Thursday, December 19, 2013

We continue our discussion on data transformation from operational to warehouse:
We mentioned summarizing data by properly sequencing the operational data as one of the functionalities required. Others are:
Input records can be of different proprietary or non-standard formats, syntax and even semantics.
Conversion for these records need to be authored and they can be complex.
Semantic relationships in the operational data is harder to translate and often come at the price of reverse engineering.
Data format conversion must be done to keep the data consistent in the warehouse.
Massive volumes of input must be accounted for including parallel loads or reads.
The warehouse must conform to a corporate data model. Since business changes more frequently than when the application was written, these mismatches need to be accounted for in designing and building a warehouse. There is order and discipline to the design and structure of the data warehouse.
The data warehouse reflects the historical need for information and during transformation, we add this element of time where missing.
The warehouse must be built for the informational need of the organization and not the clerical needs.
Since hardware, operating systems and environment changes between operational systems to datawarehouse systems, the newly generated output files from transformation may need some local conversion.
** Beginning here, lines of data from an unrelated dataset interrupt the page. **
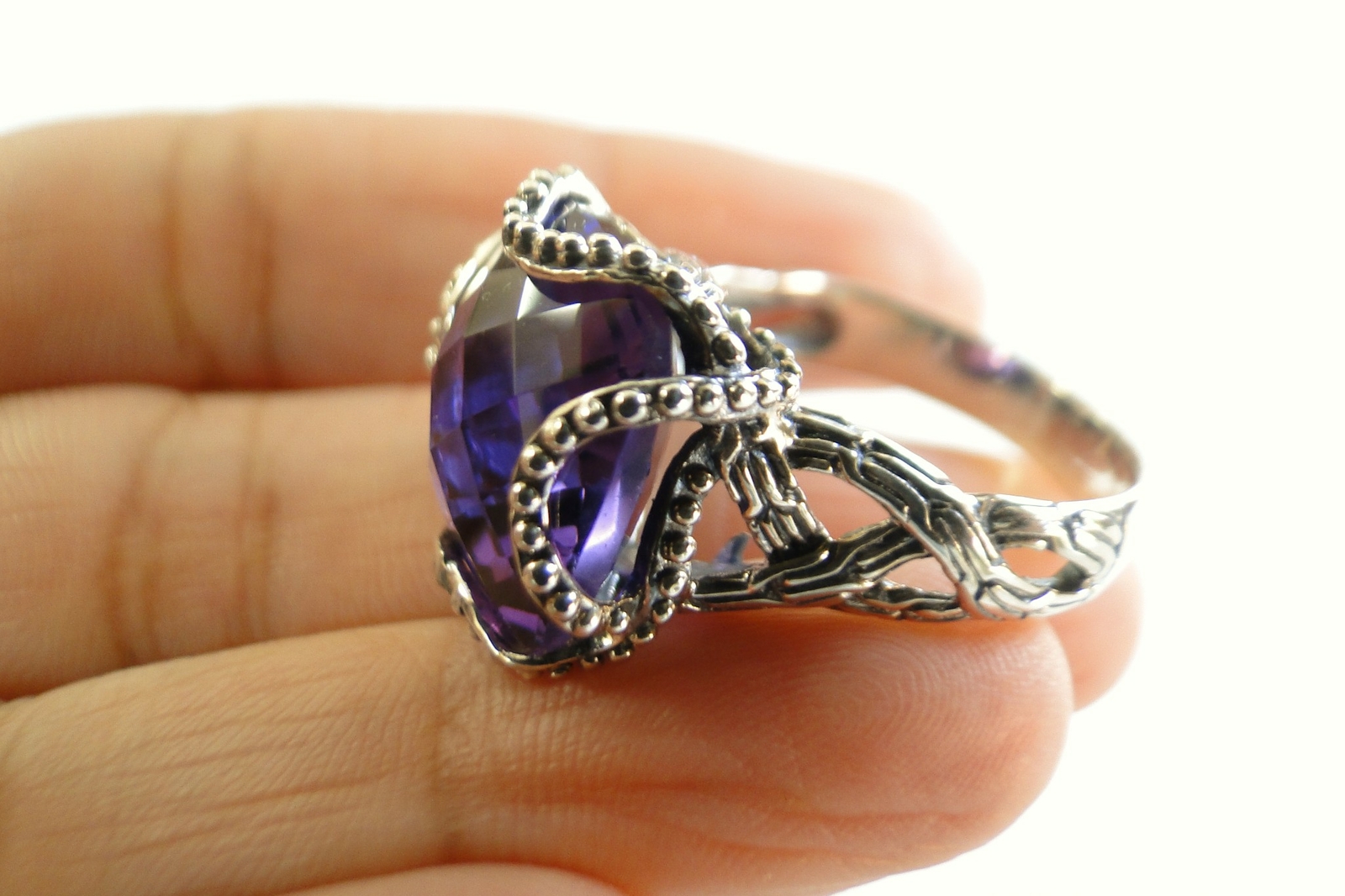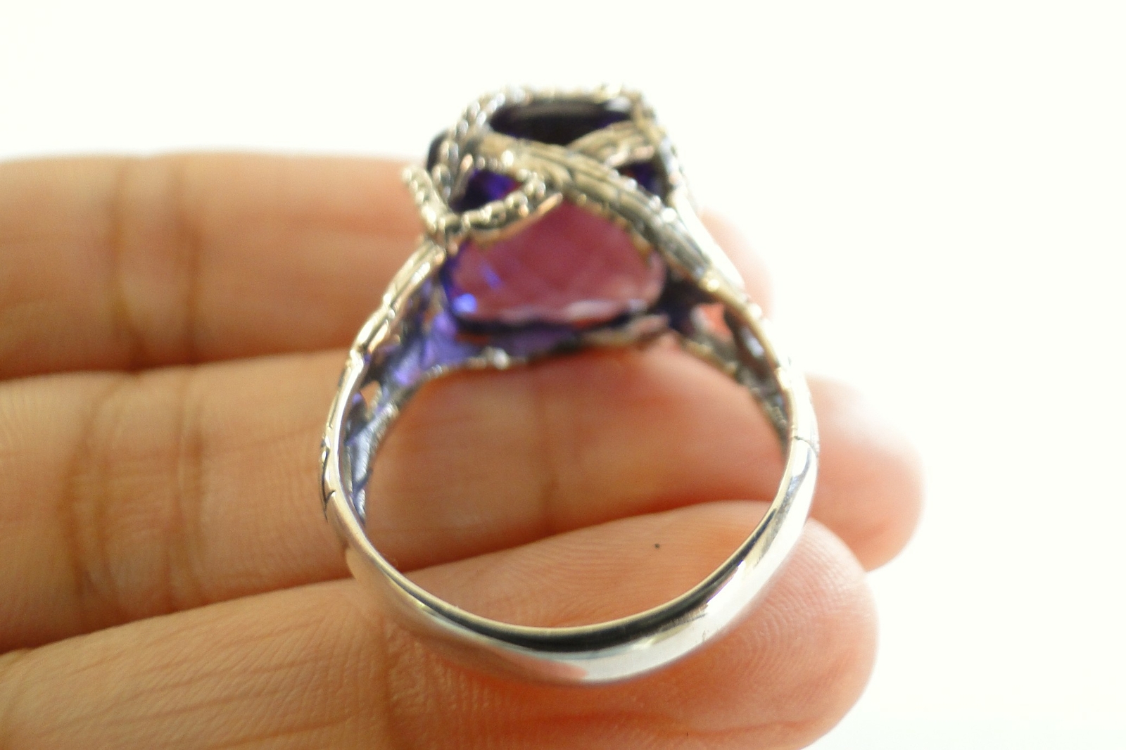 как выглядит Purple Amethyst Solitaire Wire Wrap Style 925 Sterling Silver Ring 6 7 8 9 фото
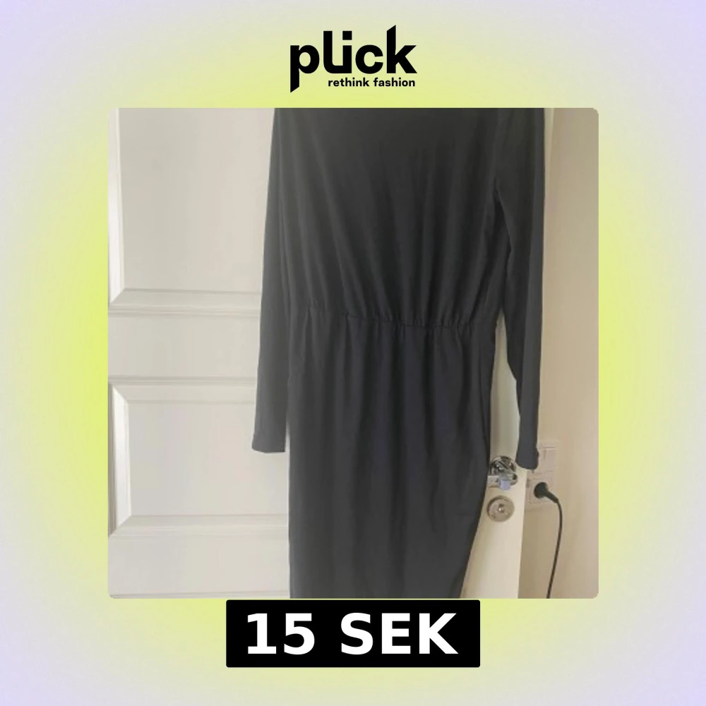 En stilren svart klänning med långa ärmar och resår i midjan som ger en smickrande passform. Klänningen har en rak siluett och är tillverkad i ett mjukt material, perfekt för både vardag och mer uppklädda tillfällen.
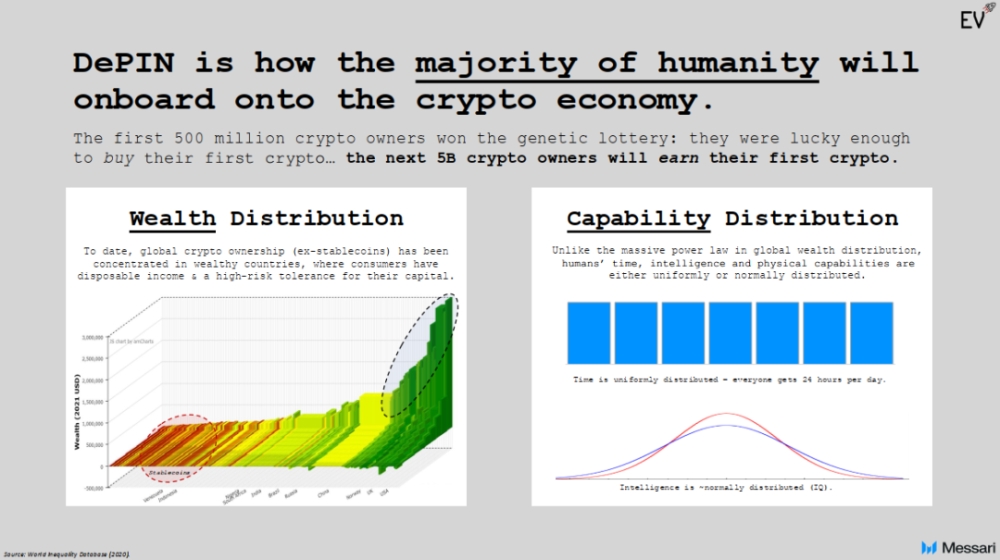 上圖中左(zuo)側的柱形圖從能(neng)力維度解析了DePIN賦能(neng)全球財富分(fen)配的路(lu)徑邏(luo)輯。
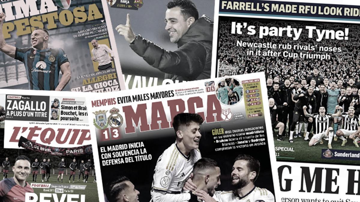 ونشرت الصحيفة الإسبانية عن فوز ريال مدريد 3/1 أمام أراندينا في كأس ملك إسبانيا ومشاركة النجم التركي أردا جولر لأول مرة منذ إنضمامه وكتبت: “مسلسل غياب جولر مع ريال مدريد أنتهي”، كما أهتمت الصحيفة بعرض نادي مانشستر يونايتد الإنجليزي الذي قدم خدمات اللاعب الفرنسي رافاييل فاران على نادي برشلونة وكتبت: “فاران معروض على برشلونة”.

ETL software is often used for these extract-tranform-load operations.
An alternative to ETL software is ELT software to do extract-load-transform operations where the transformation can be skipped, however this does not benefit the warehouse.
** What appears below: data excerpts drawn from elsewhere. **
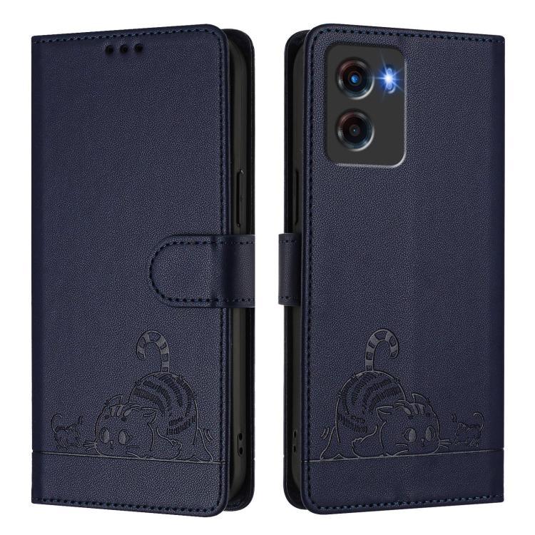 Funda de Cuero Rfid Motorola Moto G05 con Estampado de Rata y Gato en Relieve y Cordón (Azul)
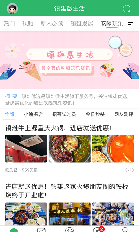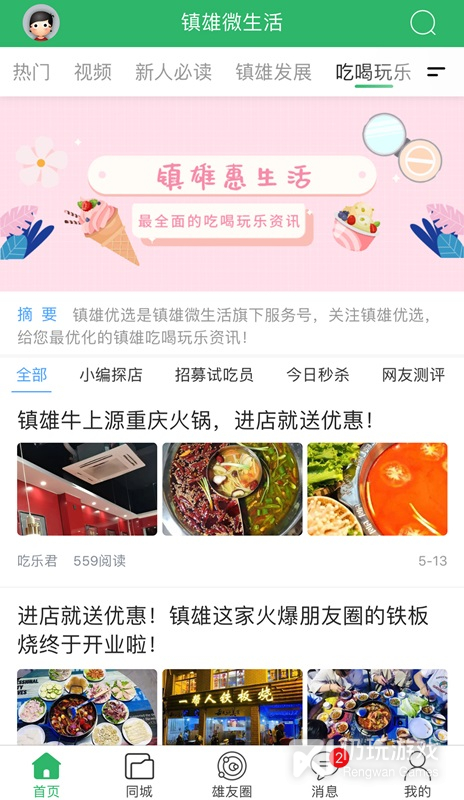 2、在这类你可以看到各种镇雄当地的人才招聘、特色美食、房屋租赁的信息。这款软件提供了最新的本地新闻,可以让你第一时间获取镇雄的最新消息
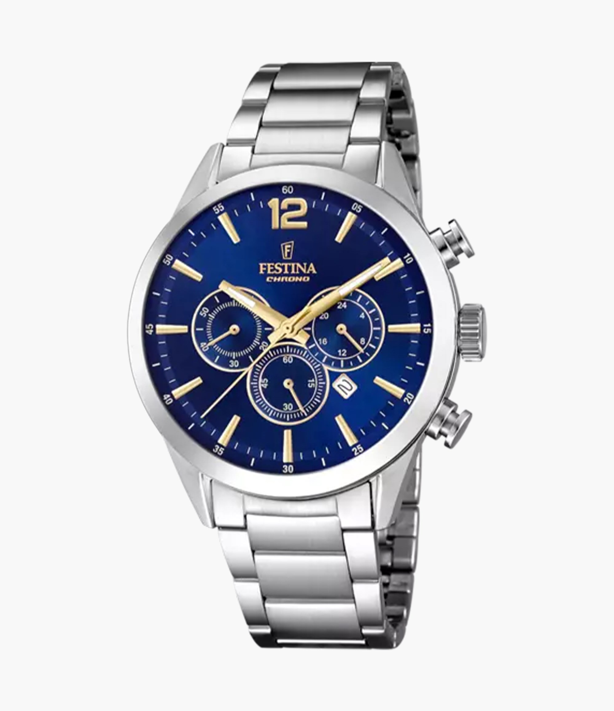 Orologio da uomo Festina in acciaio con cronometro, quadrante blu e indici dorati

The transformations or population of the data warehouse is triggered with an 'event-snapshot' interaction i.e. as and when snapshots become available, they are moved into the warehouse.
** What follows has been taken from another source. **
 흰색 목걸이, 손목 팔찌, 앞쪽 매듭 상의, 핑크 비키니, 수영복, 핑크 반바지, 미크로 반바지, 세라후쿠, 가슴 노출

Events can be activity generated or time generated.
Events that are triggered by time are usually cyclic.
We look at the components of the snapshot next.  As mentioned earlier, a snapshot contains a unit of time, a key,  non-key primary data  and secondary data. The first usually marks the moment when the snapshot is taken. The key identifies the snapshot. The third is the data that relates to the key and the last is the data
that is circumstantial to the actual data.
We look at the components of the profile records as well.
Data in a warehouse is not all stable and some are susceptible to changes due to various factors. For these some kind of aggregate records is preferable. Such a record is called  a profile record.  For example, the monthly call records of a subscriber is aggregated to provide a single composite record.  Notice how this is similar to HDFS in which the column and the column counts don't matter. Records can have varying number of columns because they are now structured as key value pairs in a column family.  The records allow access to individual values based on key lookup for that record in that collection. A profile record in the data warehouse is a single composite record of all the changes captured until the event that triggers the profile record. Note that the comparison is being drawn in terms of the layout and not the content.
Since the profile record contains grouping of many detail records, the aggregation can take many different forms:
Values from the operational data can be summarized
Frequencies can be maintained, units of the operational data can be tallied, their min, max and avg() can be found and they can be put in ranges with boundaries.
A desirable benefit of using a single profile record is that it saves the end user from having to calculate it.